## PROBLEM:
Return every line of the records below verbatim, with no pictures in the copy.

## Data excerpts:
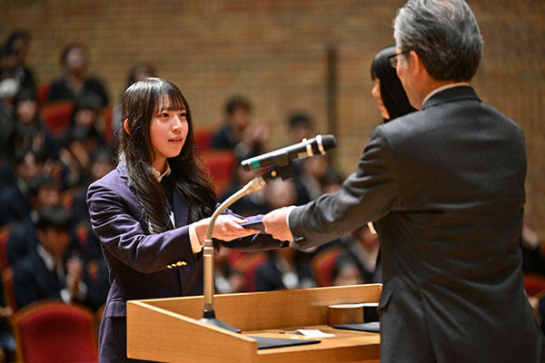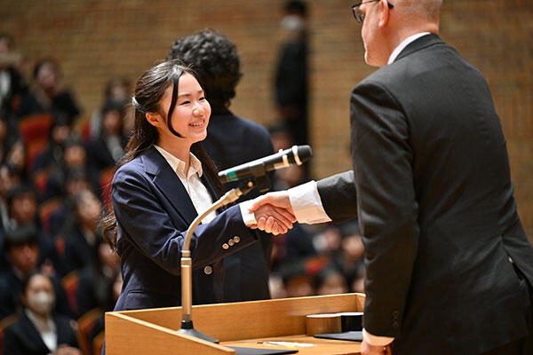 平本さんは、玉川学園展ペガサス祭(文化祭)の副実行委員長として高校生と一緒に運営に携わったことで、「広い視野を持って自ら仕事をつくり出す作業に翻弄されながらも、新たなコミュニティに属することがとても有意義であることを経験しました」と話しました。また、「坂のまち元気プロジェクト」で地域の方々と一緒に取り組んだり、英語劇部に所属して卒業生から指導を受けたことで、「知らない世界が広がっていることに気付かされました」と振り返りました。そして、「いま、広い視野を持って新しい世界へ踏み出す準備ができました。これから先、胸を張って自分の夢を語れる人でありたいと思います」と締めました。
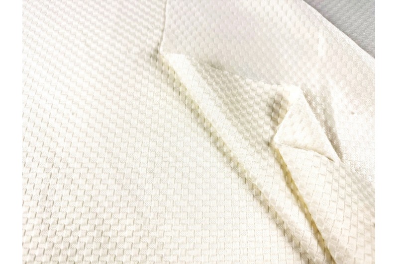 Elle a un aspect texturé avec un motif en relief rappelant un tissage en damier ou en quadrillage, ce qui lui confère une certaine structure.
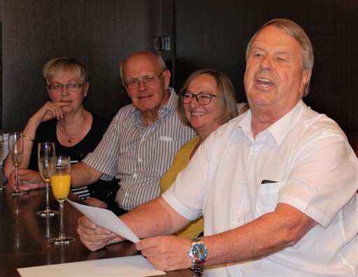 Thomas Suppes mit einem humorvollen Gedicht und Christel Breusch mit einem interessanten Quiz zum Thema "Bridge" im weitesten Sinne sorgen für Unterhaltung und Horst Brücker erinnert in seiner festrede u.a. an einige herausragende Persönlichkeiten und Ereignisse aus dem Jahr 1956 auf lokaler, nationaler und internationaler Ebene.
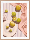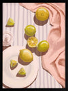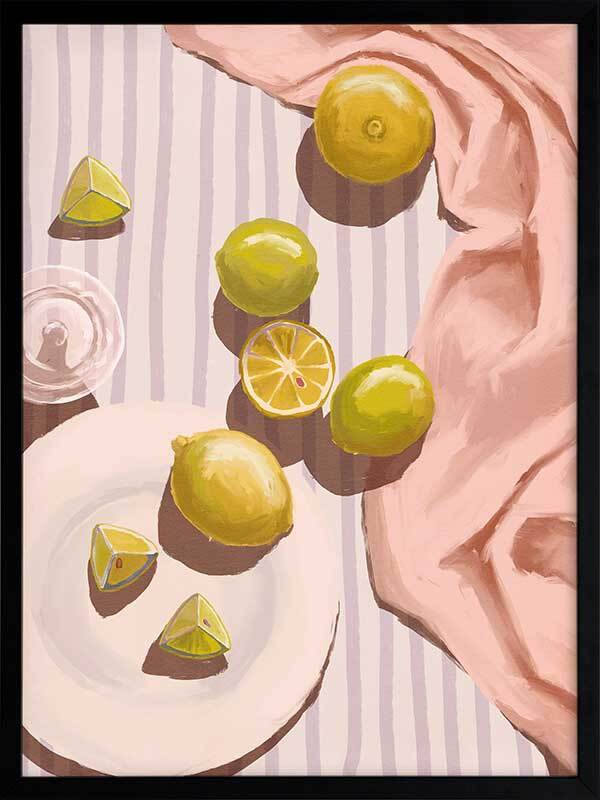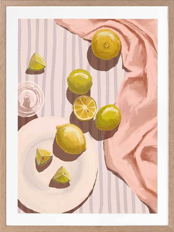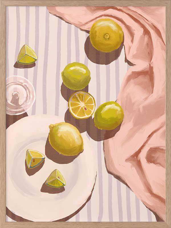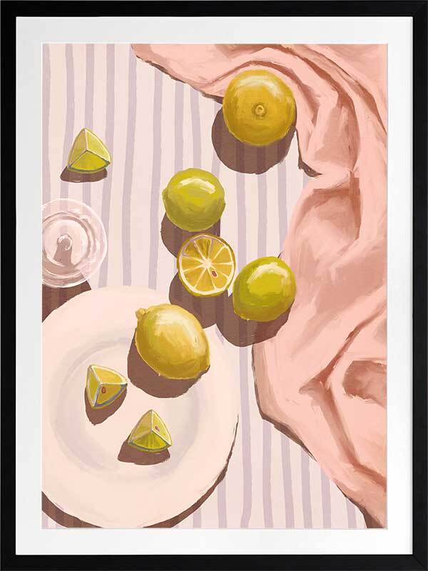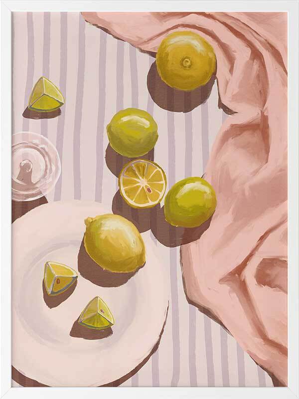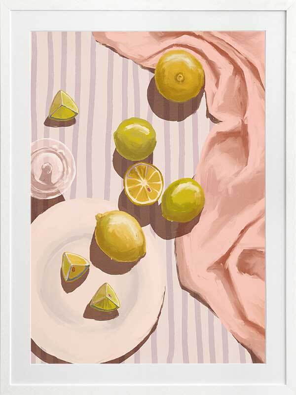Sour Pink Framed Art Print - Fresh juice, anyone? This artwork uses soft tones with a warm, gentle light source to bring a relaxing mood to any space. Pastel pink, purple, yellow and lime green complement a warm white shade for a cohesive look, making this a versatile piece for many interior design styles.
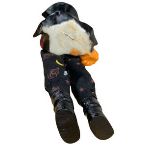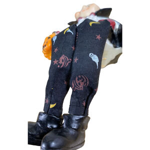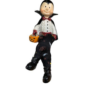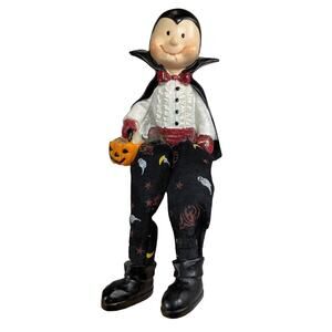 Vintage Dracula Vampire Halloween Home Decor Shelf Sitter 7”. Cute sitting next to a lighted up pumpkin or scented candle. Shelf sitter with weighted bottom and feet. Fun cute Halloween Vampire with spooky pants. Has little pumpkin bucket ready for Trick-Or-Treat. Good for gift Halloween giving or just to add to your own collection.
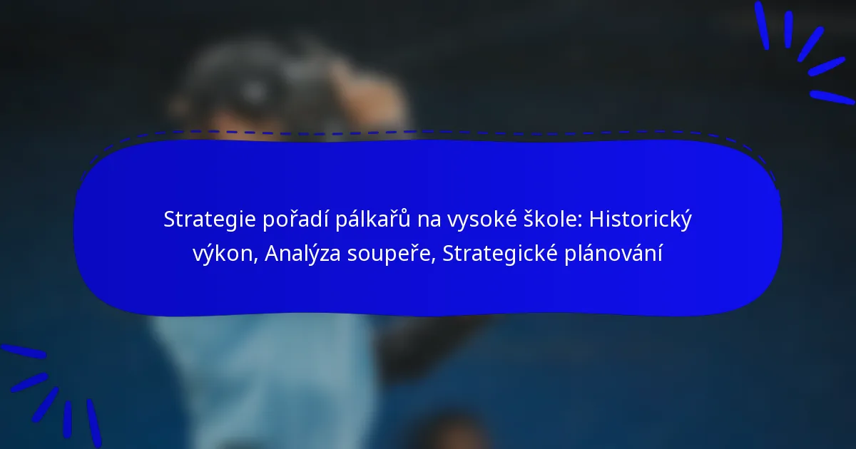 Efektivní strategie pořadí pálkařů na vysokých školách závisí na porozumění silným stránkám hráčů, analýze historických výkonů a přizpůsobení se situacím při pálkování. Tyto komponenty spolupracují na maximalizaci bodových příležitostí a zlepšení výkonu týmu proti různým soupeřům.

## ANSWER TO THE EXERCISE:
 平本さんは、玉川学園展ペガサス祭(文化祭)の副実行委員長として高校生と一緒に運営に携わったことで、「広い視野を持って自ら仕事をつくり出す作業に翻弄されながらも、新たなコミュニティに属することがとても有意義であることを経験しました」と話しました。また、「坂のまち元気プロジェクト」で地域の方々と一緒に取り組んだり、英語劇部に所属して卒業生から指導を受けたことで、「知らない世界が広がっていることに気付かされました」と振り返りました。そして、「いま、広い視野を持って新しい世界へ踏み出す準備ができました。これから先、胸を張って自分の夢を語れる人でありたいと思います」と締めました。
 Elle a un aspect texturé avec un motif en relief rappelant un tissage en damier ou en quadrillage, ce qui lui confère une certaine structure.
 Thomas Suppes mit einem humorvollen Gedicht und Christel Breusch mit einem interessanten Quiz zum Thema "Bridge" im weitesten Sinne sorgen für Unterhaltung und Horst Brücker erinnert in seiner festrede u.a. an einige herausragende Persönlichkeiten und Ereignisse aus dem Jahr 1956 auf lokaler, nationaler und internationaler Ebene.
Sour Pink Framed Art Print - Fresh juice, anyone? This artwork uses soft tones with a warm, gentle light source to bring a relaxing mood to any space. Pastel pink, purple, yellow and lime green complement a warm white shade for a cohesive look, making this a versatile piece for many interior design styles.
 Vintage Dracula Vampire Halloween Home Decor Shelf Sitter 7”. Cute sitting next to a lighted up pumpkin or scented candle. Shelf sitter with weighted bottom and feet. Fun cute Halloween Vampire with spooky pants. Has little pumpkin bucket ready for Trick-Or-Treat. Good for gift Halloween giving or just to add to your own collection.
 Efektivní strategie pořadí pálkařů na vysokých školách závisí na porozumění silným stránkám hráčů, analýze historických výkonů a přizpůsobení se situacím při pálkování. Tyto komponenty spolupracují na maximalizaci bodových příležitostí a zlepšení výkonu týmu proti různým soupeřům.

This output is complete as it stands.